[[ Data under study, beginning ]]

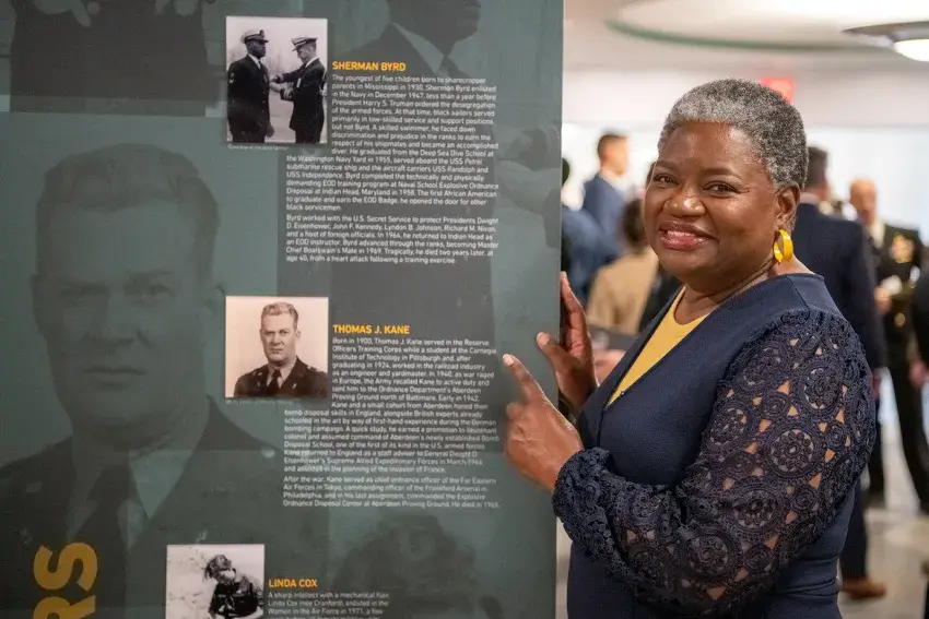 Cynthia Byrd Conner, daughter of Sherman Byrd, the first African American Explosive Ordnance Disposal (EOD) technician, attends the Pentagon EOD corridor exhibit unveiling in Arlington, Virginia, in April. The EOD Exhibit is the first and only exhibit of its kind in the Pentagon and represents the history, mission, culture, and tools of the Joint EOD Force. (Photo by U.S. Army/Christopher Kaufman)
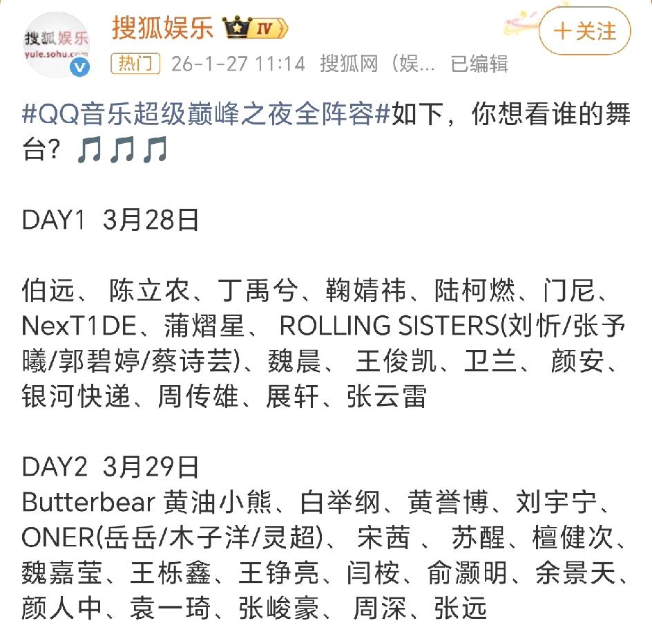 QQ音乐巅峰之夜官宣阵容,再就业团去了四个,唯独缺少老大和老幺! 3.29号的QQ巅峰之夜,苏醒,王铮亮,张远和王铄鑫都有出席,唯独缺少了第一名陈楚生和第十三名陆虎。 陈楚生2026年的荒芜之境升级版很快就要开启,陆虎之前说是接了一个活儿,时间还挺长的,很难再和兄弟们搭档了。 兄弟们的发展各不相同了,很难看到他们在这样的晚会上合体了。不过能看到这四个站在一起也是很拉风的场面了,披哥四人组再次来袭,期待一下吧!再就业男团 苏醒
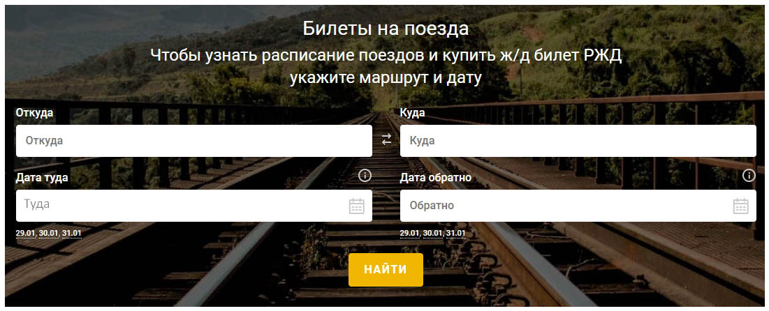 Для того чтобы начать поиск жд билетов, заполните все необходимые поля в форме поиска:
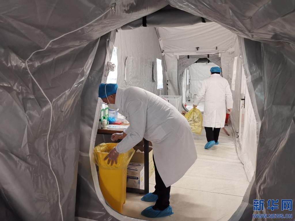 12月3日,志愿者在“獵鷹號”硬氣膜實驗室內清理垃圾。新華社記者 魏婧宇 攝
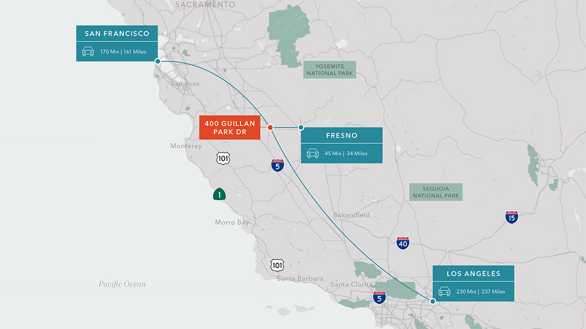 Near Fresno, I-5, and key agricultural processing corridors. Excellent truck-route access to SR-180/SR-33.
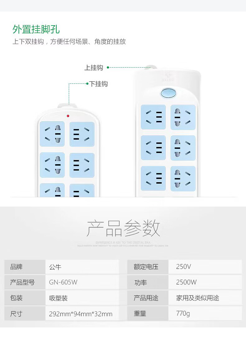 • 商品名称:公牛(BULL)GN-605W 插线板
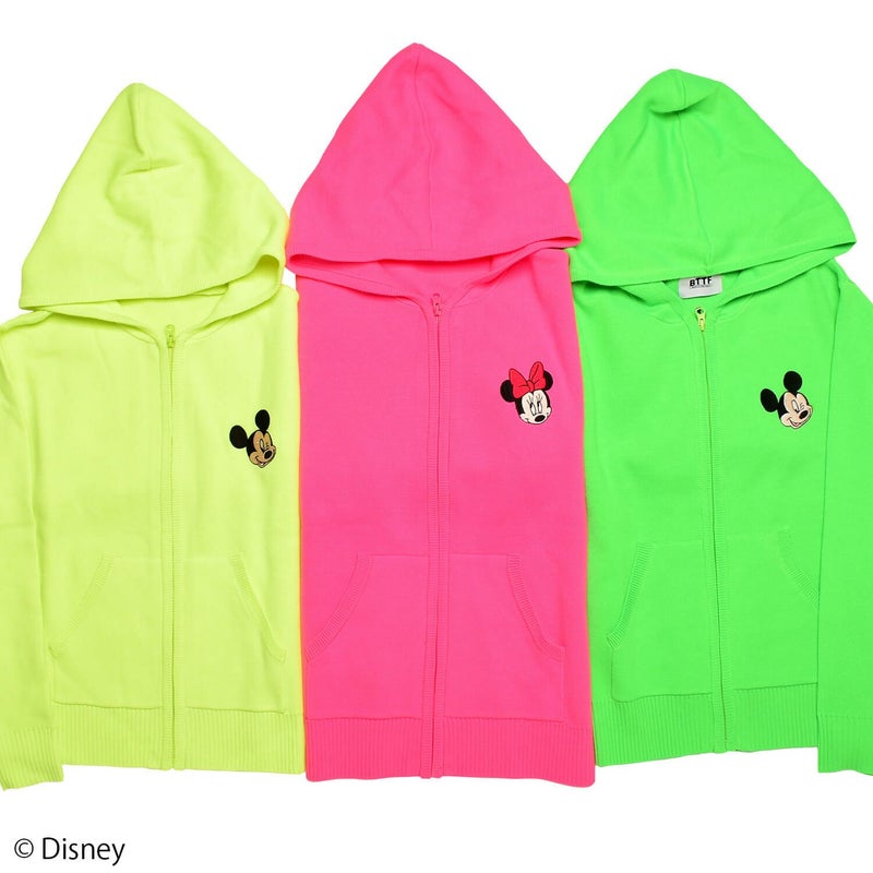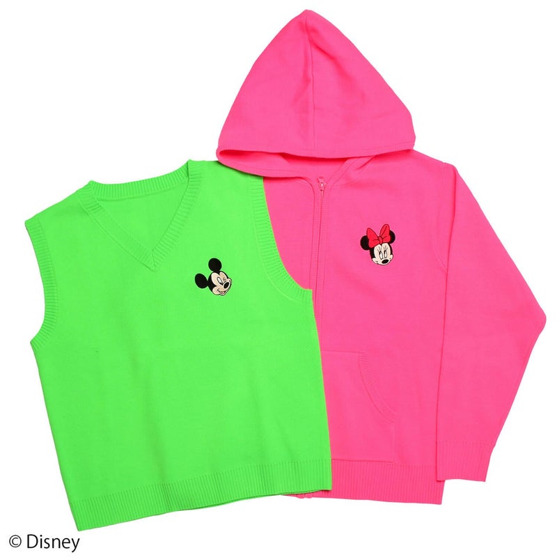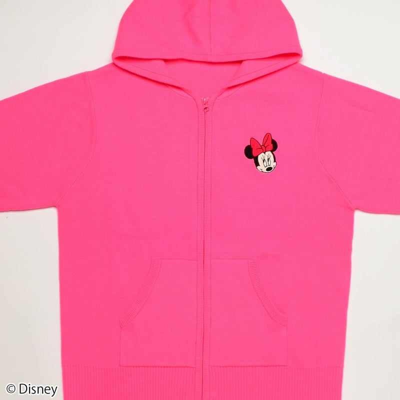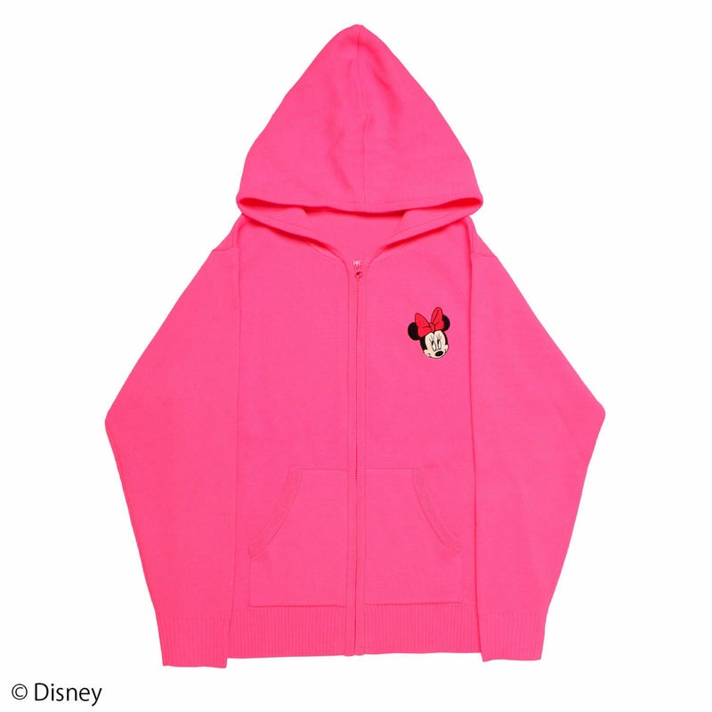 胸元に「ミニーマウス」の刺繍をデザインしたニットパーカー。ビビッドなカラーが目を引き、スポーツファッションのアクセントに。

[[ Data under study, end ]]

Only the lines from the one with "Near Fresno, I-5, and" through the final line of the data should be written out, exactly and including both ends. Skip the pictures.

 Near Fresno, I-5, and key agricultural processing corridors. Excellent truck-route access to SR-180/SR-33.
 • 商品名称:公牛(BULL)GN-605W 插线板
 胸元に「ミニーマウス」の刺繍をデザインしたニットパーカー。ビビッドなカラーが目を引き、スポーツファッションのアクセントに。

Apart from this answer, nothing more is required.